For instance, OPEC estimated in its monthly oil market report Thursday that OECD commercial oil inventories were still some 276 million barrels above the five-year average, the benchmark it is aiming for with its output cuts.
While those high stocks have led to doubt among traders that the cuts have been effective, OPEC said in its report that this was the second month in a row that stocks have drawn, indicating that the market’s oversupply was trending downward.
On the other hand, the resilience of US shale prompted OPEC to revise up its projection of US supply for 2017 by 280,000 b/d from last month’s report, which it now sees at 820,000 b/d above last year’s.
The US Energy Information Administration on Tuesday also revised upward its forecast for 2017 US production by 90,000 b/d from the previous month to show year-on-year growth of 440,000 b/d.
As for demand, OPEC is projecting growth of 1.27 million b/d globally this year, while the EIA has pegged growth at 1.56 million b/d.
The International Energy Agency, which has generally been more bullish than either OPEC or the EIA, issues its latest monthly market report Tuesday.
Given so much uncertainty, many analysts are expecting OPEC simply to roll over their 1.2 million b/d production cut into the second half of the year.
With inventories trending in the right direction, from OPEC’s perspective, and with the peak summer direct burn season ahead, prospects of a deeper cut may be a bridge too far.
An extension of longer than six months may be warranted to signal OPEC’s commitment to market rebalancing, but it may also want to preserve flexibility to boost output in the second half if demand rebounds.
Whatever it decides, OPEC will be mindful of potential price chaos if no deal is reached on an extension at the May 25 meeting in Vienna, with the market seemingly already pricing in a rollover.
Director at consultancy Petro-logistics and former chief economist at Shell Trading Adam Ritchie said this likely sets up a more interesting meeting when OPEC gathers in late November or December for its second regular meeting of the year. OPEC will announce the date of that meeting on May 25.
“I think we’re unlikely to see much beyond a rollover this period,” Ritchie said at the Platts Global Crude Summit. “Depending on what happens with demand and what happens with shale, we’re set for a much more exciting December, and then the question [for OPEC] is, do we need to do more?”
LIBYA, NIGERIA EXEMPTIONS
Within OPEC, potential recoveries in Libya and Nigeria may also complicate the picture.
The two countries are exempt from the cut deal as they deal with militant attacks that have hobbled their oil sectors. But conditions appear to be improving in both countries, meaning new supply could come online and offset some of the rest of OPEC’s cuts.
Libya, which produced 550,000 b/d in April, according to the latest S&P Global Platts OPEC production survey, is now producing more than 800,000 b/d, according to its National Oil Corporation.
The country recently resumed production from the Sharara and El Feel fields after reaching an agreement with the militia controlling a pipeline connecting them to the Zawiya port.

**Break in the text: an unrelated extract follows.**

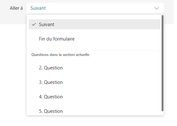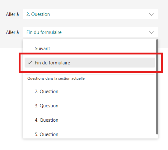 Enfin, vous avez la possibilité de rediriger l’utilisateur vers la fin du formulaire. Cette fonctionnalité est particulièrement utile pour les formulaires complexes comportant plusieurs sections, car elle permet aux utilisateurs d’ignorer les questions qui ne les concernent pas. Par exemple, vous pouvez inviter l’utilisateur à accéder à une section adaptée à son profil démographique, et après avoir répondu à la dernière question de cette section, il sera automatiquement dirigé vers la conclusion du formulaire.
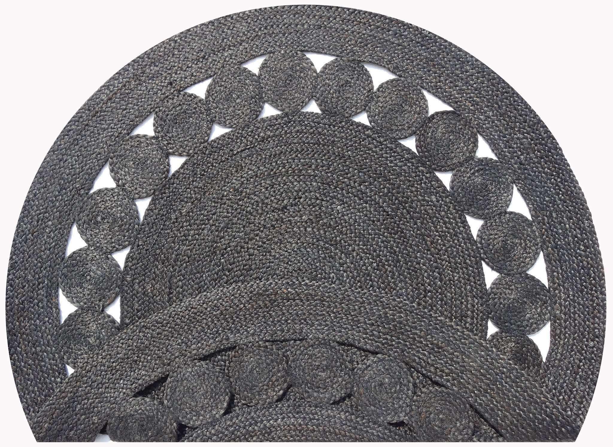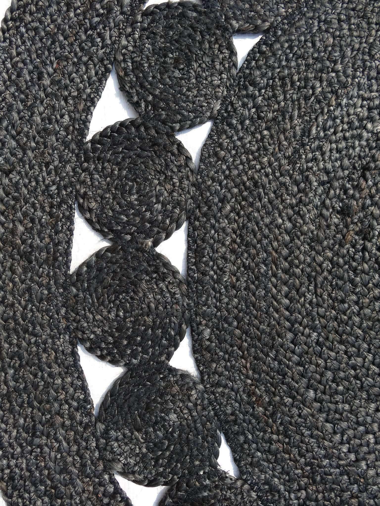 A round centre-piece with natural interior bordered with light brown hue which is truly eye catching, the Dot Rose Black rug is made from 100% natural fiber rug hand braided from Indian jute, in a variety of colours & sizes. Hand Braided by skilled craftspeople, and therefore unique. This classic natural fibre rug is a must-have for an eco-friendly household. The strong fibres make this rug durable enough for high traffic areas.

Meanwhile, Nigeria, which produced 1.65 million b/d in April, according to the Platts survey, appears set to restart loadings of its Forcados crude, with trading sources telling Platts on Friday that two 950,000-barrel cargoes were scheduled to load this month.
Forcados has been under force majeure, with a key pipeline shut for most of last year due to militant attacks.
OPEC projects that the call on its crude for 2017 will average 31.92 million b/d, about 190,000 b/d above its April output of 31.73 million b/d, according to its monthly oil market report.
Full recoveries by Libya and Nigeria may prompt OPEC to call for their inclusion in any cut extension. Libya’s output was above 1.6 million b/d before its civil war began in 2011, while Nigeria was formerly Africa’s top producer with output of 1.95 million b/d as recently as July 2015.
“OPEC production will not stay the same,” chief economist with energy consultancy Rapidan Group Fareed Mohamedi said. “Libya, Nigeria — maybe we’re being too optimistic about the political situation in both countries, but in general things seem to be going to a better situation on that front.”
Mohamedi has a bearish outlook for oil prices and said he is skeptical the market is on the path to rebalancing as OPEC hopes, with doubts about demand growth and continued OPEC compliance with cuts if they are extended.
Like Ritchie, he predicts OPEC will likely roll over its production cut agreement at the May 25 meeting, but suspects the group will face a greater challenge going forward.
“I think the next [meeting] is the real difficult one,” he said. “Maybe this time in May they’ll roll it over so they don’t destabilize the market too much. But going forward in 2018, if there are still market surpluses, I think they’re going to have to face reality.”